TASK GOAL ▸
Transcribe the listing verbatim. Do not carry over any pictures.

GIVEN DATA ▸
####
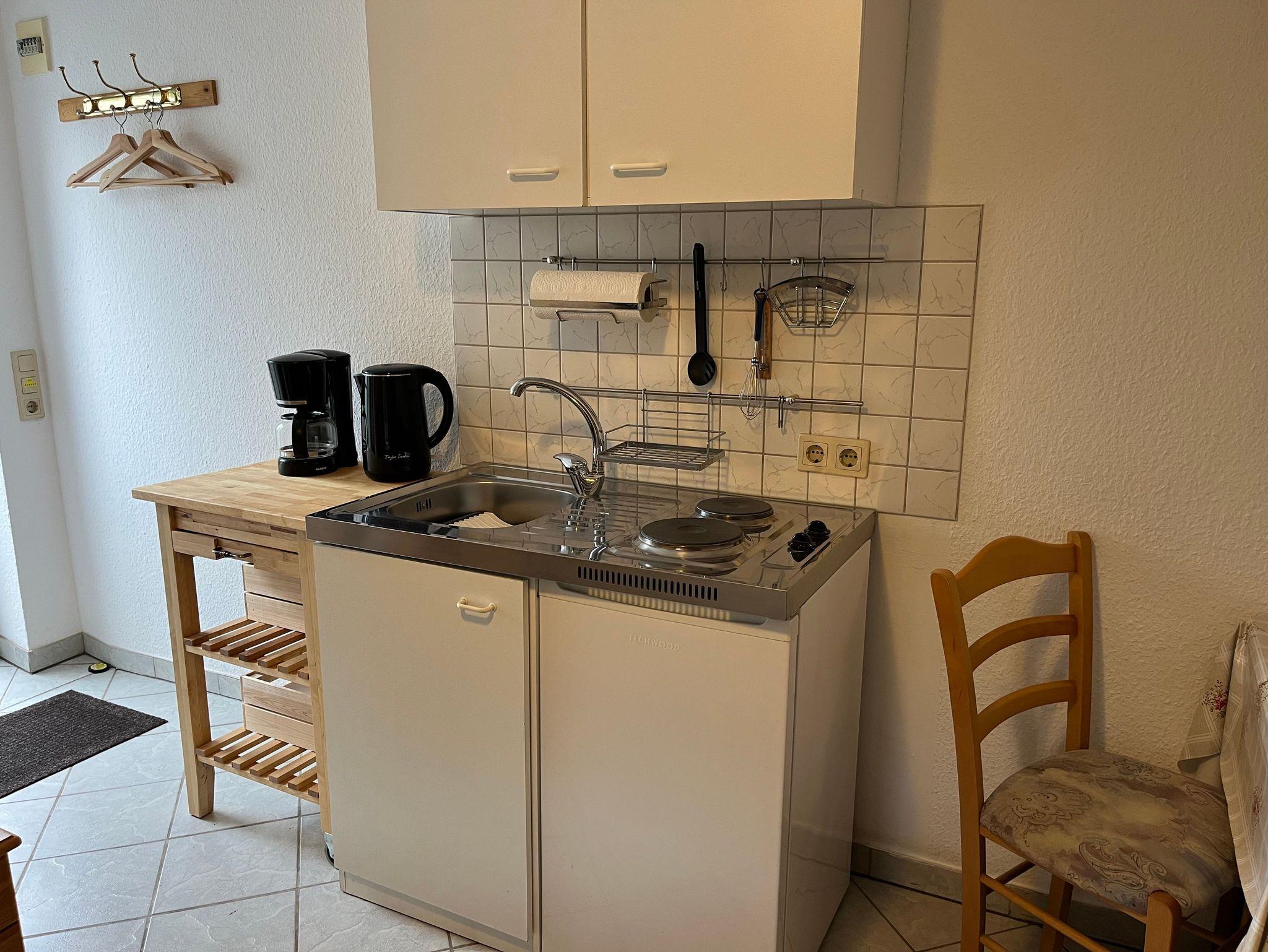 1-Raum-Bungalow (ca. 16 m² ) Boxspring-Doppelbett, Eßtisch und 2 Stühl, TV & Radio, kleine Küchenzeile - 2 Plattenherd, Kühlschrank mit Gefrierfach, Mikrowelle, Kaffeemachine, Toaster und Wasserkocher. Dusche/ WC.
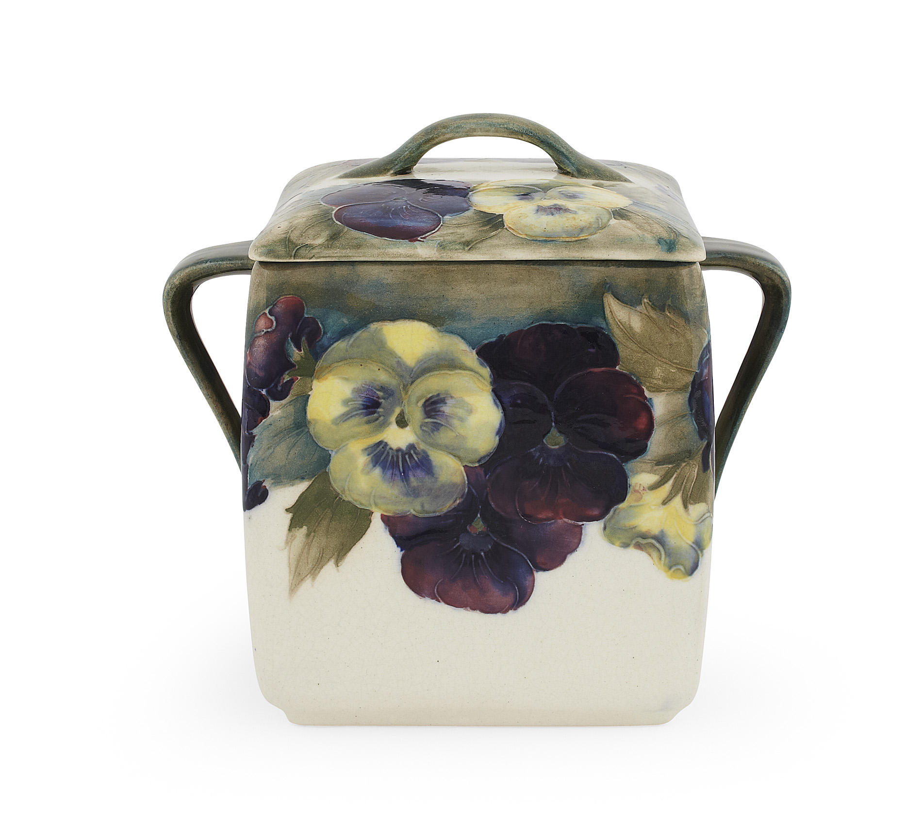 'PANSIES' BISCUIT BARREL AND COVER, CIRCA 1920
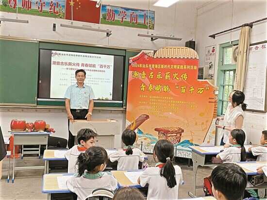 新快报讯 记者曾贵真 通讯员凌治报道 让人听得如痴如醉的潮曲,你知道大小锣鼓怎么敲,笛子怎么吹吗?日前,一场以“潮音古乐薪火传,青春赋能‘百千万工程’”为主题的传统潮剧文化进校园活动,受到了盐鸿镇港头小学师生的欢迎。活动由深圳驻盐鸿镇帮扶工作队(下称“驻盐鸿镇工作队”)联合盐鸿镇新时代文明实践所、盐鸿镇综合文化站、盐鸿镇关心下一代工作委员会、盐鸿镇港头社区新时代文明实践站共同举办,邀请盐鸿莲音潮乐社的潮剧演员老师授课。
####
OUTPUT FOR THIS TASK ▸
 1-Raum-Bungalow (ca. 16 m² ) Boxspring-Doppelbett, Eßtisch und 2 Stühl, TV & Radio, kleine Küchenzeile - 2 Plattenherd, Kühlschrank mit Gefrierfach, Mikrowelle, Kaffeemachine, Toaster und Wasserkocher. Dusche/ WC.
 'PANSIES' BISCUIT BARREL AND COVER, CIRCA 1920
 新快报讯 记者曾贵真 通讯员凌治报道 让人听得如痴如醉的潮曲,你知道大小锣鼓怎么敲,笛子怎么吹吗?日前,一场以“潮音古乐薪火传,青春赋能‘百千万工程’”为主题的传统潮剧文化进校园活动,受到了盐鸿镇港头小学师生的欢迎。活动由深圳驻盐鸿镇帮扶工作队(下称“驻盐鸿镇工作队”)联合盐鸿镇新时代文明实践所、盐鸿镇综合文化站、盐鸿镇关心下一代工作委员会、盐鸿镇港头社区新时代文明实践站共同举办,邀请盐鸿莲音潮乐社的潮剧演员老师授课。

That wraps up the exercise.